Step | Temperature, °C | Time |
---|---|---|
1 | 94 | 3 min |
2 | 94 | 30 s |
3 | 60 | 1 min |
4; go to step 2, 35 cycles | 72 | 30 s |
5 | 72 | 2 min |
6 | 4 | Hold |
Table 5.
Step | Temperature, °C | Time |
---|---|---|
1 | 95 | 15 min |
2 | 95 | 20 s |
3 | 60 | 30 s |
4; go to step 2, 40 cycles | 72 | 30 s |
Statistical analysis
qRT‐PCR and cell spread data were analysed by Student's t‐test (two‐tailed) or analysis of variance (anova). Survival of transplanted and non‐transplanted groups was compared using the Log‐rank (Mantel‐Cox) test. graphpad prism software was used for all analyses, with P‐values of < 0.05 considered significant.
Results
ChickGFP‐chickWT grafting robustly labels the ENS and allows efficient isolation of ENSCs
To facilitate isolation of ENSCs, the neural tube, between somites 1–7, was grafted from GFP chick embryos into wild type (WT) chick embryos at E1.5 (Fig. 1A). This procedure specifically labelled the neural crest‐derived precursor cells of the ENS and their derivatives (neurons, glia, ENSCs) throughout the GI tract (Fig. 1B). At E6.5, GFP + cells had colonised the GI tract to the level of the caeca (Fig. 1C). Whole mount staining of the GFP‐labelled GI tract with the neuronal marker TuJ1 revealed the differentiation wavefront of ~3 mm behind the migration wavefront of GFP + cells (Fig. 1C). The nerve of Remak (NOR), adjacent to the intestine, is derived from the sacral neural crest, not the vagal neural crest (the site of grafting), and therefore does not contain GFP + cells. Serial colonic cryosections from E8 chimeras revealed GFP + expression within the myenteric and submucosal plexuses. GFP + immunofluorescence co‐localised with both HNK1 (Fig. 1D) and TuJ1 (Fig. 1E), confirming that GFP + cells are of neural crest origin and that they had differentiated towards a neuronal lineage, respectively. ENS architecture within the chimeric gut was consistent with previously published descriptions demonstrating that tissue grafting does not cause abnormal development.
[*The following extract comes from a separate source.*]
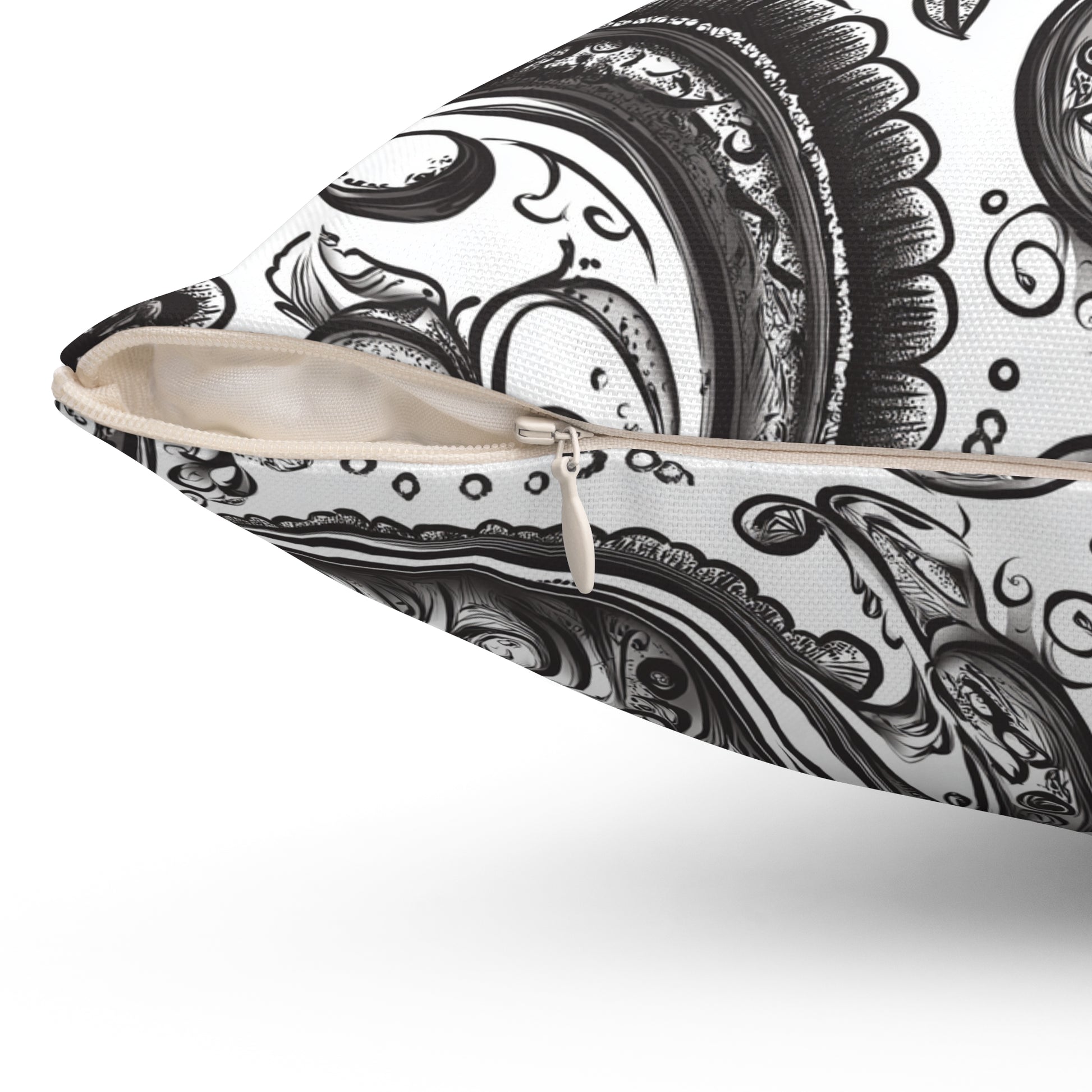 This throw pillow displays a refined paisley motif with graceful curves and a timeless charm.

Robust GFP + labelling allowed for specific isolation of GFP + by FACS. This revealed clear distinction of the labelled GFP + neural crest‐derived cells (green) and negative non‐neural crest cells (Fig. 2A). At E14, chimeras were sacrificed and the GI tract distal to the stomach removed and dissociated into single cell suspension. Typically, around 4% of FACS ‘events’ (cells) from E14 chimeric gut were selected as GFP +. Isolated GFP + cells were cultured for up to 3 months with no loss in GFP signal. These cultures readily formed neurospheres, which typically became free‐floating after approximately 2 weeks. Examination via immunostaining revealed that the GFP + neurospheres contained numerous TuJ1+ (Fig. 2B) and HuC/D+ neurons (data not shown), the predominant cell type lost during SCI.
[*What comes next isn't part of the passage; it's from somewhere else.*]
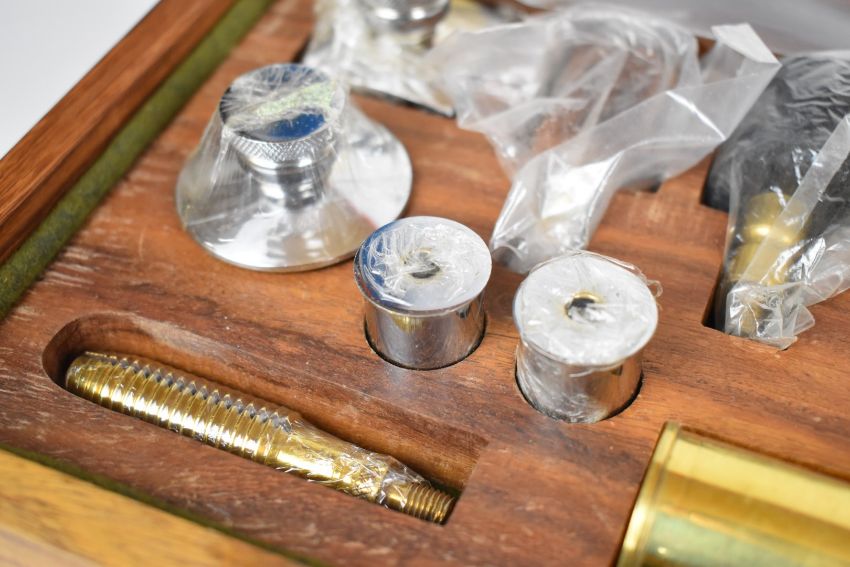 12 bore shotgun cleaning kit with rosewood and brass rods, chrome oil bottles etc, unused in hardwood case and card outer box.

To assess the ability of ENSC‐derived cells to integrate with SC‐derived cells, an in vitro co‐culture assay was performed. Unsorted SC‐derived cells were fluorescently labelled with mCherry lentivirus (labeling efficiency 71.2 ± 6.8% to allow for specific identification of cell types. At 10 days, GFP + ENSC‐derived cells established close associations with mCherry+ SC‐derived cells, including co‐extension of axons alongside SC‐derived cells (Fig. 2C, arrowhead) and cellular contacts between ENSC‐derived cells and SC‐derived cells (Fig. 2C, arrow). When co‐cultures were left for extended periods (between 2–4 weeks in culture) the formation of mixed‐population neurospheres was observed (Fig. 2D). These results suggest that the formation of functional interconnections between the two cell populations is possible, but further studies will need to be performed to confirm this.
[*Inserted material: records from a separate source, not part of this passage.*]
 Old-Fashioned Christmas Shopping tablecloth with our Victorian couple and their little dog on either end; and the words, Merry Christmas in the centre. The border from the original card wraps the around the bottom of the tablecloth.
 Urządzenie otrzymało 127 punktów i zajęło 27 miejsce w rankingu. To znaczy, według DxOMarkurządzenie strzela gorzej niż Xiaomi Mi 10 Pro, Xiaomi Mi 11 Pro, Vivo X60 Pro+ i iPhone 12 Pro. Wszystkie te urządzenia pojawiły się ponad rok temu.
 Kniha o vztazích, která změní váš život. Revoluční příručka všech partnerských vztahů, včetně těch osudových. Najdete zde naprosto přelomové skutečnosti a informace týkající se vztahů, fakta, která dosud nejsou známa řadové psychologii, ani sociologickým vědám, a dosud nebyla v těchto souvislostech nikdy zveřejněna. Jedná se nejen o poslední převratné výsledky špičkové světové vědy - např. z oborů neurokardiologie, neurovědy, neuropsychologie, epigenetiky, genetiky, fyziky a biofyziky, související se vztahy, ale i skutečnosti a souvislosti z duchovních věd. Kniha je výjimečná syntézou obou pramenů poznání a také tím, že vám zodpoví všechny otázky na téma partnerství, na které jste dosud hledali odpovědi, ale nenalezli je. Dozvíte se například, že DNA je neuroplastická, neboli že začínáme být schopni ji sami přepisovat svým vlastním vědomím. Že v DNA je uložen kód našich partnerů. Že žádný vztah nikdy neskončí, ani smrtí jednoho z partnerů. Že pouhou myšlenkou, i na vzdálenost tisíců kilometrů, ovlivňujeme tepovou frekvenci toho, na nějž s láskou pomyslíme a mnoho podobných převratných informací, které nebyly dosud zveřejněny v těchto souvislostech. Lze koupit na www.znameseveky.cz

ENSC express stem cell and neuronal subtype markers at comparable levels to SC tissue
The close association of cellular processes observed in co‐culture experiments suggested the potential of ENSC‐ and SC‐derived cell communication. However, the relative expressions of neurotransmitters of ENS‐derived cultures and CNS tissues have not been compared previously. To this end, we used qRT‐PCR analysis to compare gene expression between independently cultured enteric neurospheres and non‐cultured SC‐tissue (harvested at E14). To determine the effect of cell culture on gene expression, RNA extracted from uncultured gut (E14) was used as a control.
A comparison of gene expression levels of the major cell types typically found within neurospheres revealed expression of TuJ1 (neurons), S100 (glia), SOX10 (progenitor/stem cells) and p75 (neural crest cells) in both gut and SC tissue (relative to GAPDH expression). S100 and SOX10 expression was significantly higher in SC tissue than in gut tissue (0.055 vs. 0.040, P = 0.0098, and 0.100 vs. 0.045, P = 0.0049, respectively). TuJ1 was strongly expressed in both tissues, although significantly higher in SC‐derived tissue (0.230 vs. 0.059, P = 0.0006, Fig. 3A). An analysis of gene expression in ENSC neurospheres revealed similar levels of all markers under examination to uncultured gut tissue, implying that the culture of ENSC neurospheres did not adversely affect gene expression. A comparison of SC and cultured ENSC‐derived cell expression levels appeared similar to that between SC and gut tissue. The relative expression of TuJ1 was significantly higher in SC tissue than in ENSC neurosphere cultures (0.236 vs. 0.058, P = 0.049, Fig. 3B), and levels of S100 were again slightly higher in SC than in ENSC cultures. However, compared with the relative expression of SOX10 in uncultured gut, levels within ENSC neurospheres were increased (0.045 vs. 0.225, P = 0.0753, n = 3). SOX10 expression in ENSC cultures was also higher than expression in SC tissue.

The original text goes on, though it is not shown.